- Born: January 6, 1956 (age 70) Salem, Massachusetts
- Education: Tufts University (BA) Dartmouth College (MBA)
- Occupation: Chief executive officer of Gemin X Pharmaceuticals
- Spouse: Katherine Helen Lange
- Children: 2
- Parent(s): Lois Burkhart and John Ralph Dolan

= Peter R. Dolan =

American business executive

Peter R. Dolan (born January 6, 1956) is an American business executive. In 2009, he became chairman and CEO of Gemin X Pharmaceuticals after joining the board in July 2008; he was formerly the chief executive officer of Bristol-Myers Squibb before being discharged from that company in September 2006 as a result of a federal investigation into questions concerning the patent of drug Plavix.

==Personal life==
The son of John Ralph Dolan and Lois Burkhart, Peter Dolan was born in Salem, Massachusetts, on January 6, 1956. Dolan attended St. John's Preparatory School (Massachusetts) before going on to Tufts University earning a B.A. in 1978 before going to the Tuck School of Business at Dartmouth College to earn his M.B.A. in 1980. While at Tufts, he joined Delta Upsilon fraternity. He wed former executive director of Saint Joseph's Hospital Katherine Helen Lange, with whom he shares two children.

==Early career==
In 1983, Dolan began working at General Foods, rising to general product manager by 1986. In 1988, he took a job at Bristol-Myers Squibb. While at Bristol, Dolan was involved in developing the cancer-treating medication Erbitux, as well as, before becoming chief executive officer, making the consumer products and medical device divisions of Bristol successful. Dolan became CEO in May, 2001, replacing Charles Heimbold. Subsequently, Bristol was involved in a major financial scandal when, in the words of a Reuters report, it "was accused of exaggerating revenue by $2 billion from 2000 to 2001 by coaxing wholesalers to buy far more of its drugs than they could hope to sell". The company avoided criminal charges by accepting probation in June 2005, and Dolan brought in former United States federal judge Frederick B. Lacey to act as an adviser to Bristol.

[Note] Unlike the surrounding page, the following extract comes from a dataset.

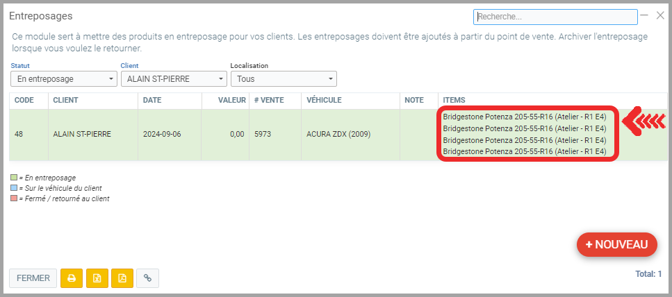 Vous y trouverez les pneus entreposés pour le client et le véhicule sélectionnés au Point de Vente.

In 2006, Forbes reported that Dolan was 250th in compensation among CEO's in the United States, earning a single year $5.54 million to make a five-year total of $17.80 million. In September 2006, Dolan was fired from Bristol on the recommendation of Lacey in response to a federal investigation that followed questions concerning the patenting of Plavix. Bristol was accused of attempting to prevent the marketing of a generic competitor for the drug by entering into a secret, unlawful arrangement with Canadian generic-manufacturer Apotex. The investigation centered around statements allegedly issued by Dr. Andrew Bodnar, who was an adviser to Dolan assigned to settle the situation with Apotex. A New York Times article from 2006 indicated that Lacey criticized Dolan for not properly communicating with the Bristol board about the situation. Bristol provided Dolan a severance package with a combined value of approximately $10.7 million, expressing appreciation for his service but also indicating that it held Dolan "accountable" as chief executive officer for the Plavix incident. As of 2007, Dolan had not released an official comment on the Plavix situation, nor had he been charged in conjunction with the investigation.

==Later career==
In July, 2008, Dolan was appointed to the board of Gemin X Pharmaceuticals. and became CEO and chairman in 2009. Gemin X was sold to Cephalon for $225 million in March 2011 with an additional $300 million in future milestones. He founded a non-profit organization called ChildObesity 180, which has raised over $10 million in funding. He is on the board of a Partnership for a Healthier America, a non profit organization devoted to working with private industry on solving childhood obesity, and created in conjunction with First Lady Michelle Obama's Let's Move! program. He has continued active ties with his alma maters. He serves as a trustee at Tufts University and is now chairman of the board, also sitting on several committees. He is also a member of the board of overseers at the Tuck School of Business at Dartmouth. In 2013, he was elected as Tufts University chairman of the board, to take office in the fall.